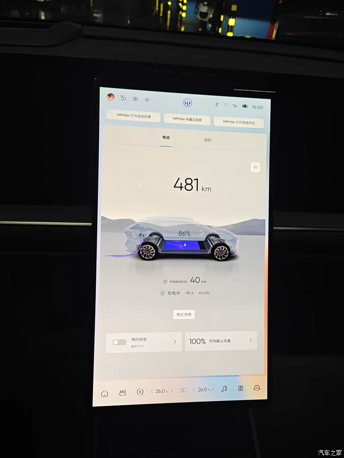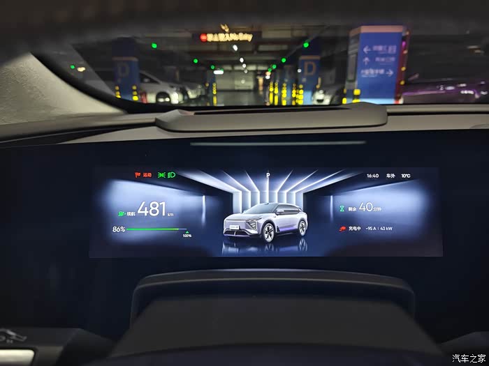 像在外面充电桩充电的话,我一般都会坐在车里等待,用副驾驶屏看看视频,或者享受一下车内的按摩,像这样的快充基本上花费40-50分钟左右,充电效率还不错,而且我一般不会充满,到80%-85%即可,这样对电池会比较好。
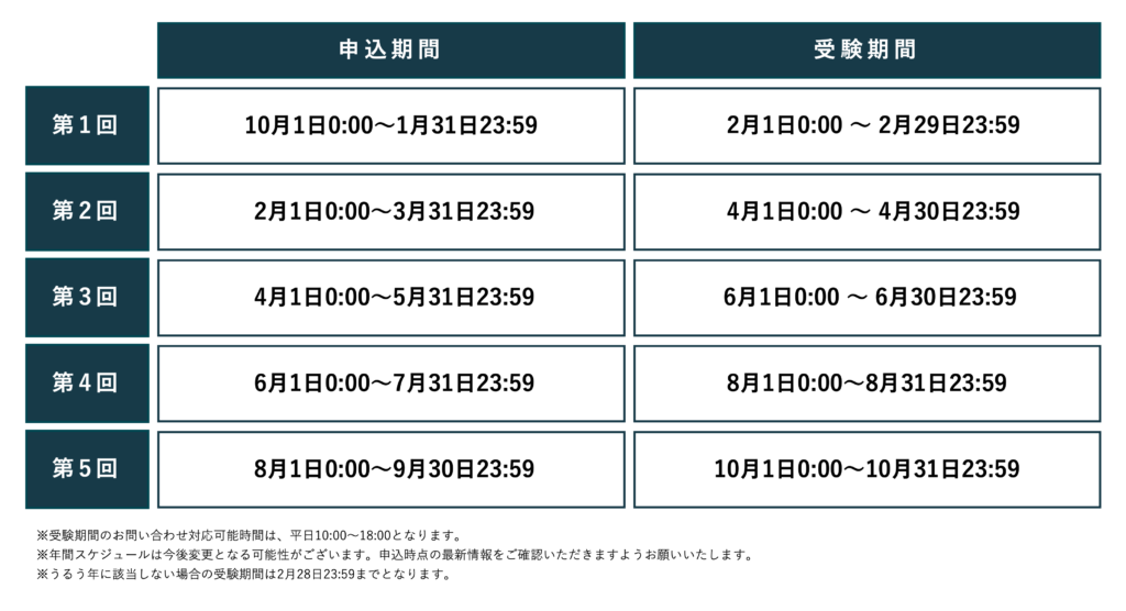 受験期間 :2026年2月1日(日)0:00〜2月28日(土)23:59
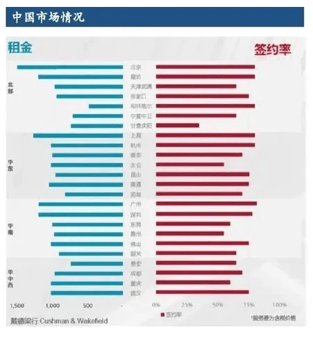 •华北地区:北京和华北其他城市租金形成较大梯度。第一梯度为北京,按每KW含电的模式服务费为1,050-1,500/月/kw;第二梯度为河北各城市与天津,租金集中在860-1,270元/月/kw。华北地区签约率均在60%-80%。

* * * * * * * * *

Please write out all the data word for word, but keep every picture out.

■ **Problem solution**:
 像在外面充电桩充电的话,我一般都会坐在车里等待,用副驾驶屏看看视频,或者享受一下车内的按摩,像这样的快充基本上花费40-50分钟左右,充电效率还不错,而且我一般不会充满,到80%-85%即可,这样对电池会比较好。
 受験期間 :2026年2月1日(日)0:00〜2月28日(土)23:59
 •华北地区:北京和华北其他城市租金形成较大梯度。第一梯度为北京,按每KW含电的模式服务费为1,050-1,500/月/kw;第二梯度为河北各城市与天津,租金集中在860-1,270元/月/kw。华北地区签约率均在60%-80%。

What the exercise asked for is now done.